## TASK GOAL
Where an image appears in the data, omit it and reproduce the rest exactly.

==== SOURCE DATA ====

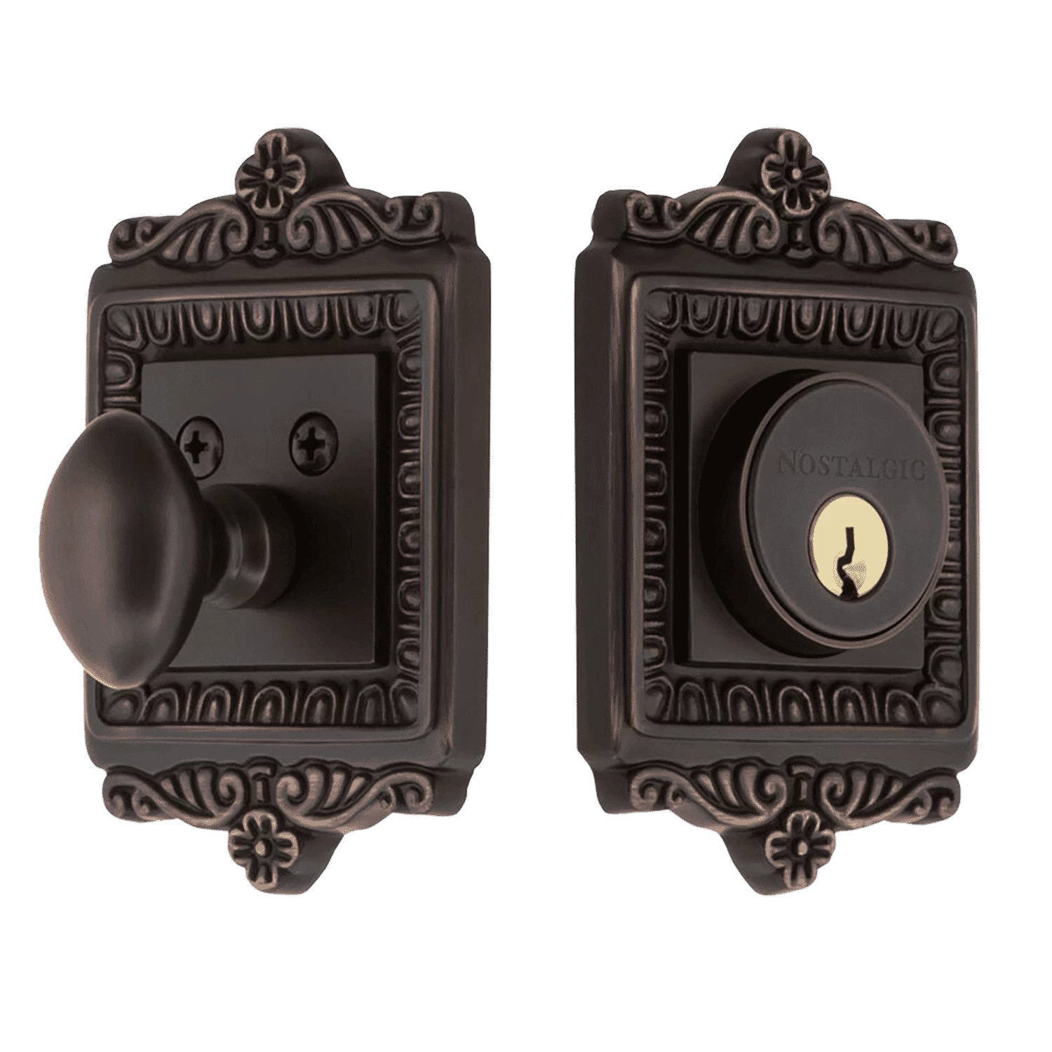 With its distinctive repeating border detail, as well as floral crown and foot, the Egg & Dart Deadbolt resonates grand style. Made of solid (not plated) forged brass for durability and beauty.
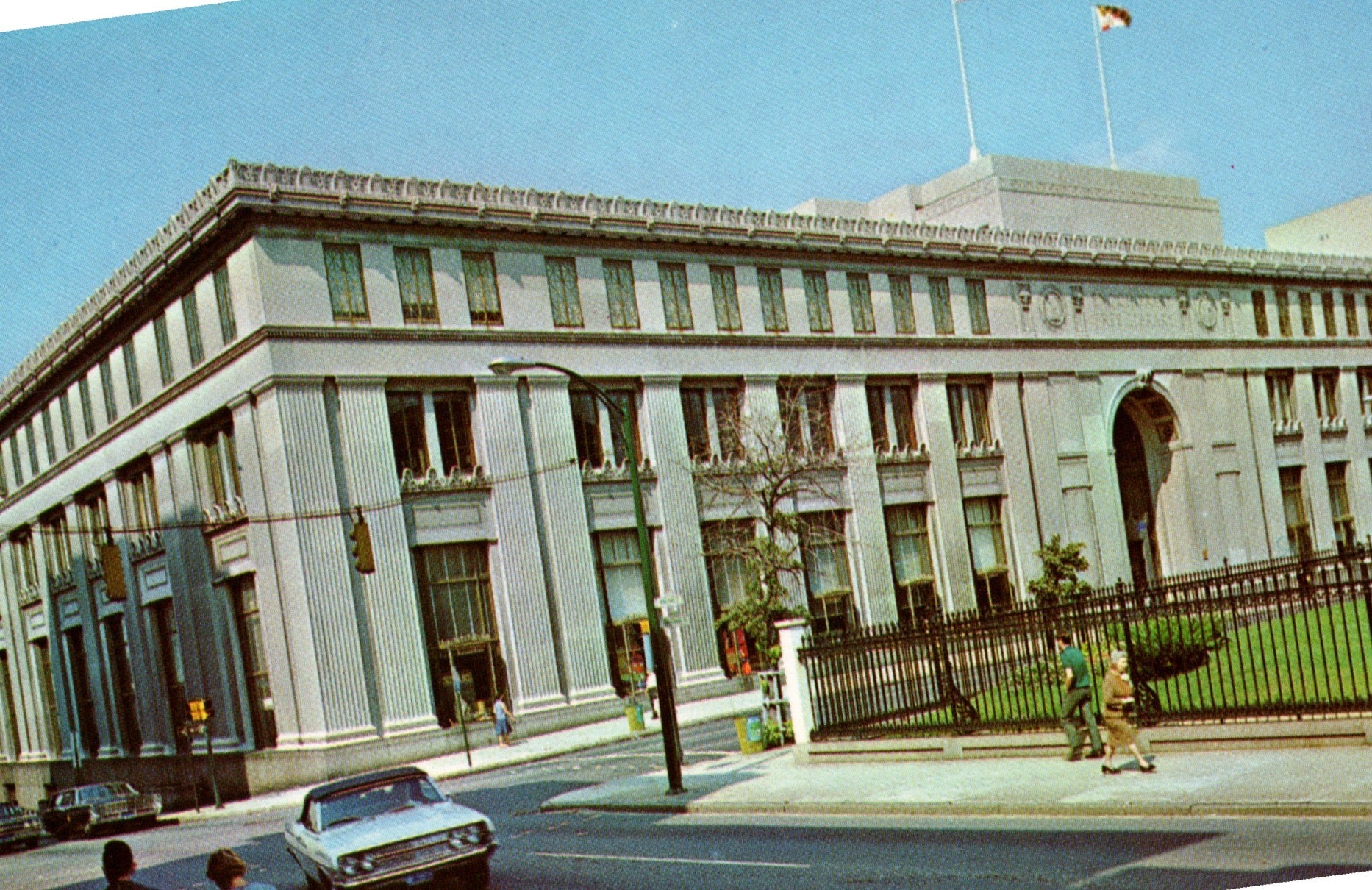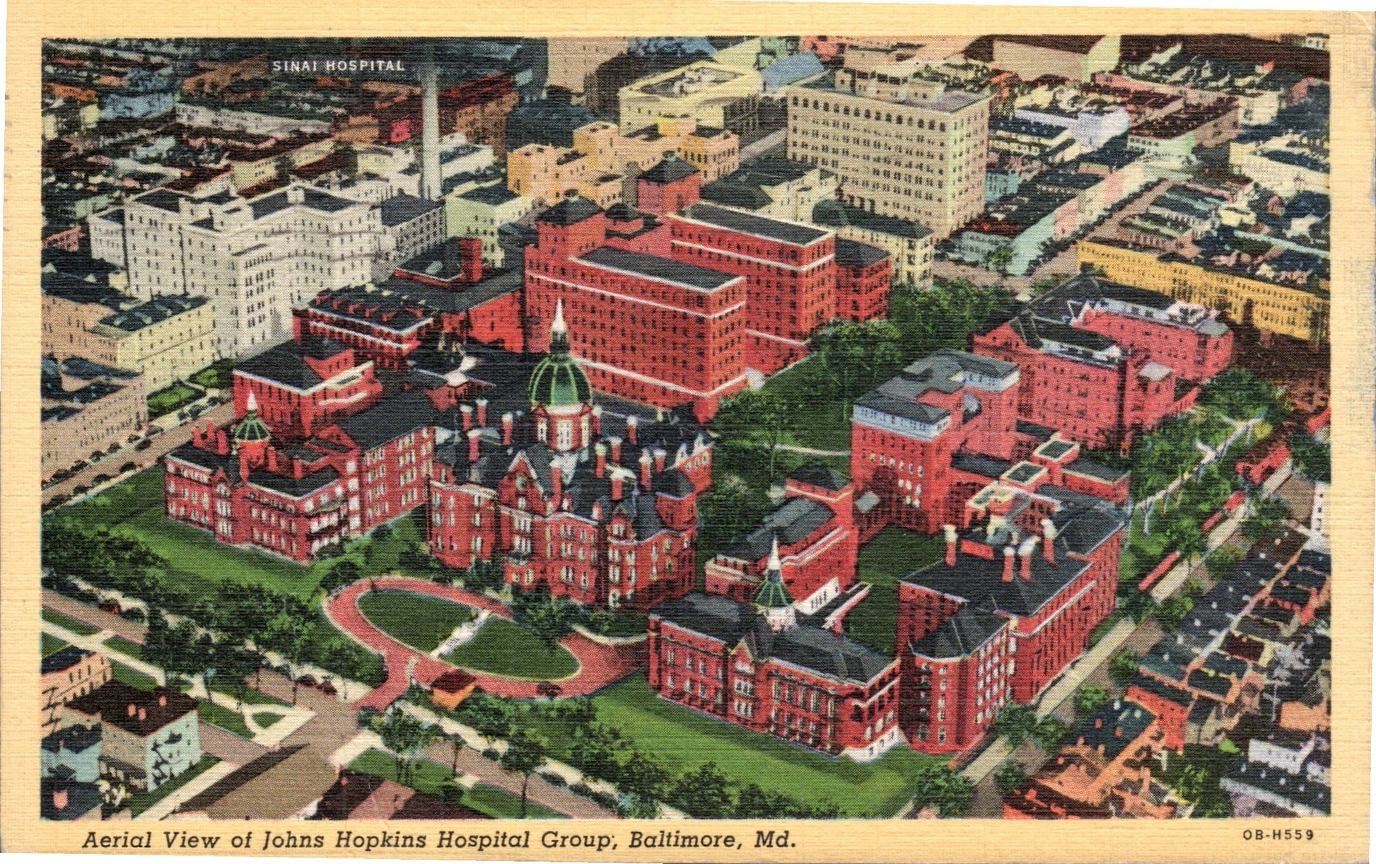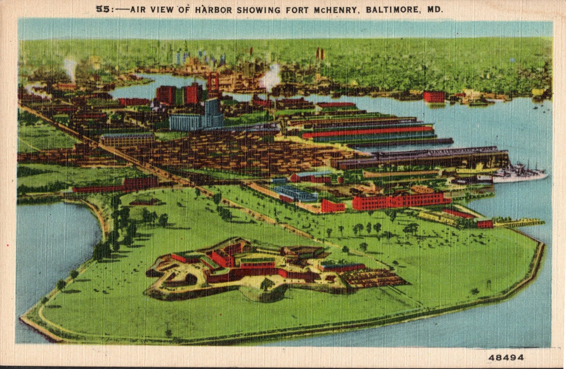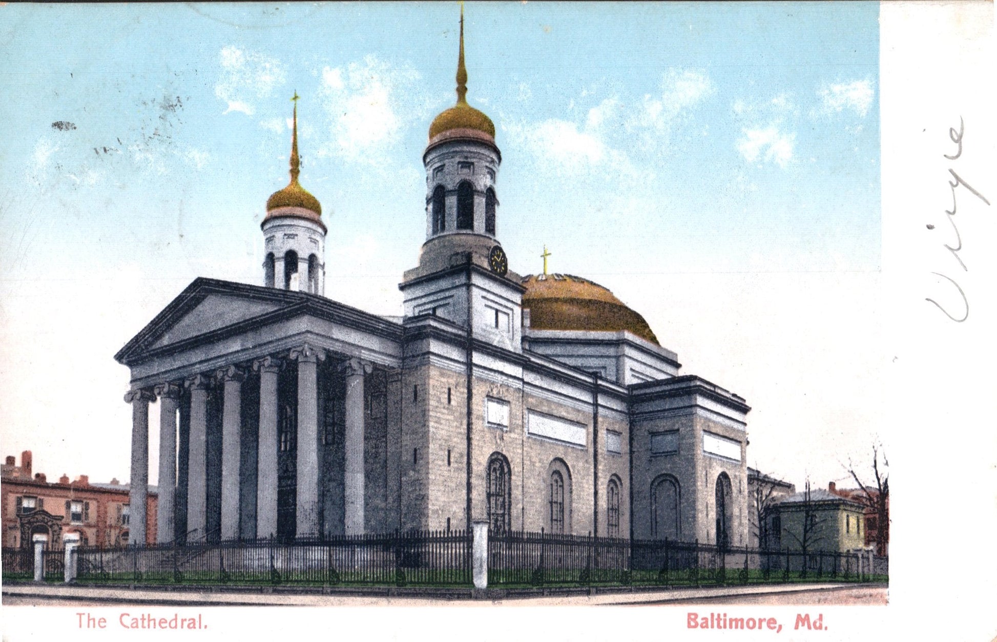 Post cards: “Mount Vernon Place” [Continental]; Baltimore and Ohio building [c.1910]; Lexington Market [1926]; “Mt. Royal Station” (RR) [1908]; “New Court House” [c.1910]; “War Memorial and Plaza” [linen]; “Haussner’s Restaurant” [2 chrome views of paintings]; “Johns Hopkins Hospital” [linen]; Johns Hopkins aerial view [linen]; “Post office and Court House” [linen]; Fifth Regiment Armory [1924]; Eastern High School [c.1910]; “Western Female High School” [1907]; “Goucher College” [linen]; “Enoch Pratt Free Library” [chrome]; “The Cathedral” [3 views, 1907 Transfer Clerk Camden Sta. cds, 1910, linen]; Goucher College Memorial Chapel [chrome]; “Francis Scott Key Monument” [2 views, one linen, one chrome 1983, postal markings on picture]; “Evergreen House” [3 views, two exterior and one interior, all chrome]; “Flag House” [chrome, 1956]; “Fort McHenry”[7 chrome cards, one aerial view, one linen, 3 are Continental]; “Hanover Street Bridge” [linen]; Bay Shore Park with crowd [1909]; Druid Hill Park [1907]
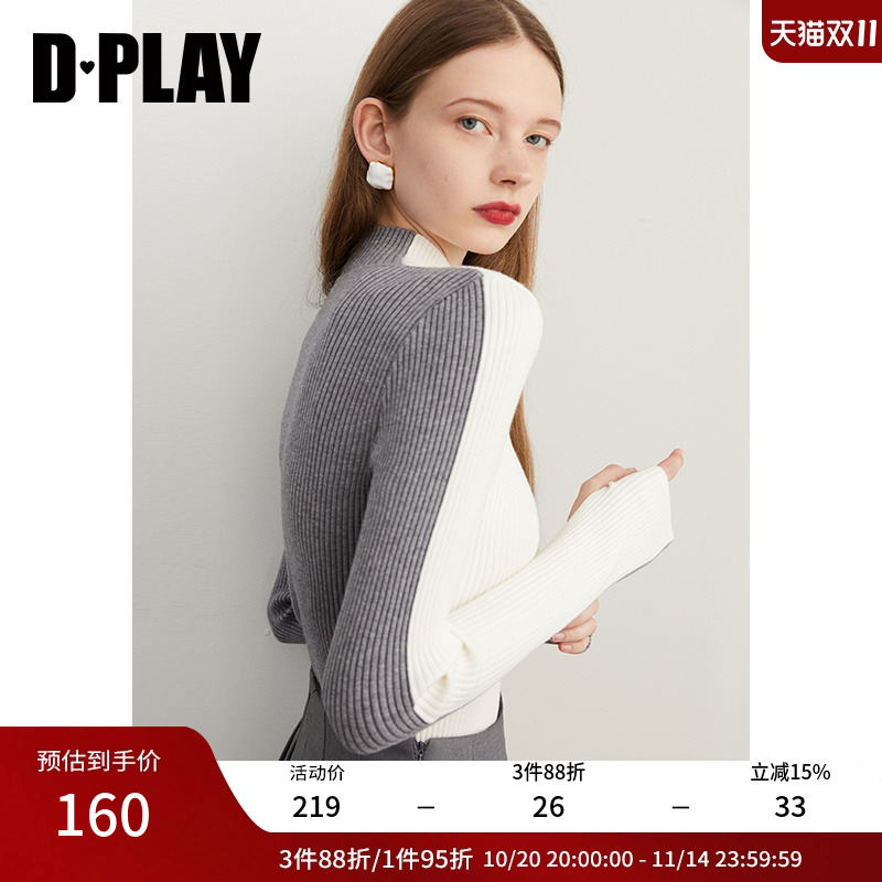 DPLAY2025年春季灰拼白色毛衣女长袖半高领加厚针织打底衫上衣
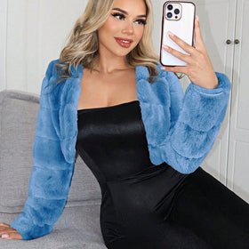 Damen Kurze Kunstpelzjacke mit breiten Ärmeln Amawinc
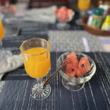 The location on the banks of the Nan Khan in a quiet part of Luang Prabang was idyllic and to have breakfast served on the bank of the river watching the boats go by was a highlight of our day. The breakfast menu was extensive and imaginative backed up be superb food cooked really well.
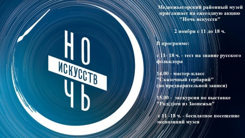 2 ноября Медвежьегорский районный музей приглашает на ежегодную акцию "Ночь искусств". В рамках акции вы сможете проверить себя на знание русского фольклора, посетить новую выставку музея "Кижи" "Род(д)ом из Заонежья", изготовить волшебный гербарий. Ждём вас с 11 до 18 ч!
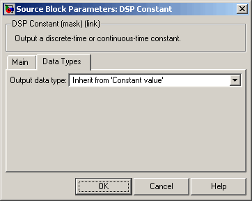 The Data Types pane of the DSP Constant block dialog box appears as follows.
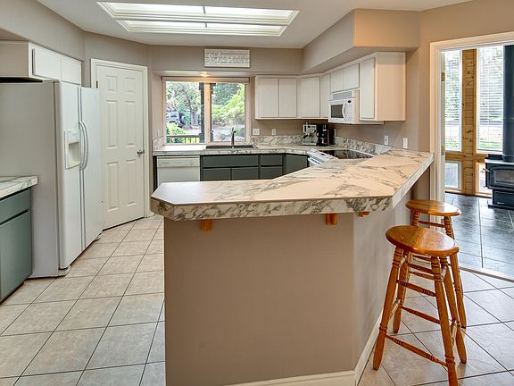 Custom, one owner home featuring energy efficient passive solar, radiant floor heat and whole house attic fan. This 3 bed, 2.5 bath great room plan lives comfortably with a main level master, updated kitchen, solarium w/ certified wood stove, (part of the passive solar), & large windows that provide an abundance of light and enjoyment of this manicured property. The .44 acre lot backs to common area, creating an allure of an even larger landscape. The master suite has his & hers closets and vanities, tiled corner shower, water closet, and sound system in the master and great room. Upstairs you will find a loft, 2 bedrooms and full bath w/ dual sinks. This one of a kind home has Central Vac, A/C, recirculating hot water, sprinkler system on timers, and an invisible dog fence. Oversized double garage with an additional 8'x8' storage room, new roof in 2019, new interior and exterior paint. This is an immaculately maintained home settled in the pines. Your piece of Central Oregon awaits.

====

## SOLUTION FOR THIS TASK
 With its distinctive repeating border detail, as well as floral crown and foot, the Egg & Dart Deadbolt resonates grand style. Made of solid (not plated) forged brass for durability and beauty.
 Post cards: “Mount Vernon Place” [Continental]; Baltimore and Ohio building [c.1910]; Lexington Market [1926]; “Mt. Royal Station” (RR) [1908]; “New Court House” [c.1910]; “War Memorial and Plaza” [linen]; “Haussner’s Restaurant” [2 chrome views of paintings]; “Johns Hopkins Hospital” [linen]; Johns Hopkins aerial view [linen]; “Post office and Court House” [linen]; Fifth Regiment Armory [1924]; Eastern High School [c.1910]; “Western Female High School” [1907]; “Goucher College” [linen]; “Enoch Pratt Free Library” [chrome]; “The Cathedral” [3 views, 1907 Transfer Clerk Camden Sta. cds, 1910, linen]; Goucher College Memorial Chapel [chrome]; “Francis Scott Key Monument” [2 views, one linen, one chrome 1983, postal markings on picture]; “Evergreen House” [3 views, two exterior and one interior, all chrome]; “Flag House” [chrome, 1956]; “Fort McHenry”[7 chrome cards, one aerial view, one linen, 3 are Continental]; “Hanover Street Bridge” [linen]; Bay Shore Park with crowd [1909]; Druid Hill Park [1907]
 DPLAY2025年春季灰拼白色毛衣女长袖半高领加厚针织打底衫上衣
 Damen Kurze Kunstpelzjacke mit breiten Ärmeln Amawinc
 The location on the banks of the Nan Khan in a quiet part of Luang Prabang was idyllic and to have breakfast served on the bank of the river watching the boats go by was a highlight of our day. The breakfast menu was extensive and imaginative backed up be superb food cooked really well.
 2 ноября Медвежьегорский районный музей приглашает на ежегодную акцию "Ночь искусств". В рамках акции вы сможете проверить себя на знание русского фольклора, посетить новую выставку музея "Кижи" "Род(д)ом из Заонежья", изготовить волшебный гербарий. Ждём вас с 11 до 18 ч!
 The Data Types pane of the DSP Constant block dialog box appears as follows.
 Custom, one owner home featuring energy efficient passive solar, radiant floor heat and whole house attic fan. This 3 bed, 2.5 bath great room plan lives comfortably with a main level master, updated kitchen, solarium w/ certified wood stove, (part of the passive solar), & large windows that provide an abundance of light and enjoyment of this manicured property. The .44 acre lot backs to common area, creating an allure of an even larger landscape. The master suite has his & hers closets and vanities, tiled corner shower, water closet, and sound system in the master and great room. Upstairs you will find a loft, 2 bedrooms and full bath w/ dual sinks. This one of a kind home has Central Vac, A/C, recirculating hot water, sprinkler system on timers, and an invisible dog fence. Oversized double garage with an additional 8'x8' storage room, new roof in 2019, new interior and exterior paint. This is an immaculately maintained home settled in the pines. Your piece of Central Oregon awaits.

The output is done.